## Task details
For this exercise, write out exactly the lines from the line containing "Hombreras tácticas de" through the last line of the records, and no other lines.

## Provided information
-------

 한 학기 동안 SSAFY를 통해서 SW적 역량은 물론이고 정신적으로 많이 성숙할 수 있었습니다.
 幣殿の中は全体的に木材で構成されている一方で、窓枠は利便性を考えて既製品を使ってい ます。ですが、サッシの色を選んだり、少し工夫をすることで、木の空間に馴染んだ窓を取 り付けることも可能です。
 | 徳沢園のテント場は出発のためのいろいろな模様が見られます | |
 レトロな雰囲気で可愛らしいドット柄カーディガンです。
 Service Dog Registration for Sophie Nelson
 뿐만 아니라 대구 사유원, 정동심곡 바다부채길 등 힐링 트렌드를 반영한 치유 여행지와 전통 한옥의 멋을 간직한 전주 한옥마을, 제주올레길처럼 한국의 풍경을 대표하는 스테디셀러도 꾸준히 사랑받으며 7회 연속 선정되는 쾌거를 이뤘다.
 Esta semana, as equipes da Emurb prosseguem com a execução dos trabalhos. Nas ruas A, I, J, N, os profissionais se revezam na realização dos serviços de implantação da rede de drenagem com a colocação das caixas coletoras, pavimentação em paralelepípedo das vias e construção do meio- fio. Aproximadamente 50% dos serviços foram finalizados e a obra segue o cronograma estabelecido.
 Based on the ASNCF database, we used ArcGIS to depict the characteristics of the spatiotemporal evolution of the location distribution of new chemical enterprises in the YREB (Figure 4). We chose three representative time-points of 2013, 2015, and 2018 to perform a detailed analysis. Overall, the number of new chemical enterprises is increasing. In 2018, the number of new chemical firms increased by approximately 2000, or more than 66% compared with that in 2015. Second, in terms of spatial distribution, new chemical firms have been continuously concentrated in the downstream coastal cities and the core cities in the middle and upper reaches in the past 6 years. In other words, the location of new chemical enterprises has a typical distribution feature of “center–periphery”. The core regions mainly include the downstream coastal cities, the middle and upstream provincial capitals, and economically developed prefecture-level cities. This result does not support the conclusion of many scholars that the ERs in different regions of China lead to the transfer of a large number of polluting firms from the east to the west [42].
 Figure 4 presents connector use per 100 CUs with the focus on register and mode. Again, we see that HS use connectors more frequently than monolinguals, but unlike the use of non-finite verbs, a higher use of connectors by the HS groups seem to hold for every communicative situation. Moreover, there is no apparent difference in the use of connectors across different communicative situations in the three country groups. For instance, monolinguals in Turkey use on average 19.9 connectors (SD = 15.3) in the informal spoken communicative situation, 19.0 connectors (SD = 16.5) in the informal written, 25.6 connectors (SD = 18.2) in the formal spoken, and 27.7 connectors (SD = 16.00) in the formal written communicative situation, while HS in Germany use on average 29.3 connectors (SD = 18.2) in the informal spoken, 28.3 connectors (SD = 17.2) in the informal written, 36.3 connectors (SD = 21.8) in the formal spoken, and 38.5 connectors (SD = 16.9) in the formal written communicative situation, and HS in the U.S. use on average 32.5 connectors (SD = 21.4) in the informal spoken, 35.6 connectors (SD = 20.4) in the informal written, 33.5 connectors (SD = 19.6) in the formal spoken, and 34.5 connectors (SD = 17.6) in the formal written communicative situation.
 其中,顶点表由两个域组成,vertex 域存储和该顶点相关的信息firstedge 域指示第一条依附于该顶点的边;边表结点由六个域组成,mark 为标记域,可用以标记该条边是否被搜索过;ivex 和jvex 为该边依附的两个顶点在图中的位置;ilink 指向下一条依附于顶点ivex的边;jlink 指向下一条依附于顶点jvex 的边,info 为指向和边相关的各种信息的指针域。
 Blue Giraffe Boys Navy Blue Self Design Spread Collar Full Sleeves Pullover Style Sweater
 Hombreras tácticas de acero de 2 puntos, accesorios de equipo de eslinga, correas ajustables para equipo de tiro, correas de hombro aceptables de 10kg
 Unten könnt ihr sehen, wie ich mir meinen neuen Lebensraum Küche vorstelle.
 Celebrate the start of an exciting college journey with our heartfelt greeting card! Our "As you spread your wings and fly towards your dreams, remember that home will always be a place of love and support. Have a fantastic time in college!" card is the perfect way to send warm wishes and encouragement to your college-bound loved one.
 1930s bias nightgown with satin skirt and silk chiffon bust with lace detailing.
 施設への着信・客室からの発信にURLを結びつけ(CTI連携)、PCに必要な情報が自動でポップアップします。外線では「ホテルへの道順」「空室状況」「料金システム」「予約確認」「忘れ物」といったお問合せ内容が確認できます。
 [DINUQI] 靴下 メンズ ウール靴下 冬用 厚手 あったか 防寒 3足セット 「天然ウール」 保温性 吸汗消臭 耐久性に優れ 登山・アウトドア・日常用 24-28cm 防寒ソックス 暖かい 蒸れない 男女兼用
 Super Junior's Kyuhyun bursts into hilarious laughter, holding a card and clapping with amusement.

-------

## Task response
 Hombreras tácticas de acero de 2 puntos, accesorios de equipo de eslinga, correas ajustables para equipo de tiro, correas de hombro aceptables de 10kg
 Unten könnt ihr sehen, wie ich mir meinen neuen Lebensraum Küche vorstelle.
 Celebrate the start of an exciting college journey with our heartfelt greeting card! Our "As you spread your wings and fly towards your dreams, remember that home will always be a place of love and support. Have a fantastic time in college!" card is the perfect way to send warm wishes and encouragement to your college-bound loved one.
 1930s bias nightgown with satin skirt and silk chiffon bust with lace detailing.
 施設への着信・客室からの発信にURLを結びつけ(CTI連携)、PCに必要な情報が自動でポップアップします。外線では「ホテルへの道順」「空室状況」「料金システム」「予約確認」「忘れ物」といったお問合せ内容が確認できます。
 [DINUQI] 靴下 メンズ ウール靴下 冬用 厚手 あったか 防寒 3足セット 「天然ウール」 保温性 吸汗消臭 耐久性に優れ 登山・アウトドア・日常用 24-28cm 防寒ソックス 暖かい 蒸れない 男女兼用
 Super Junior's Kyuhyun bursts into hilarious laughter, holding a card and clapping with amusement.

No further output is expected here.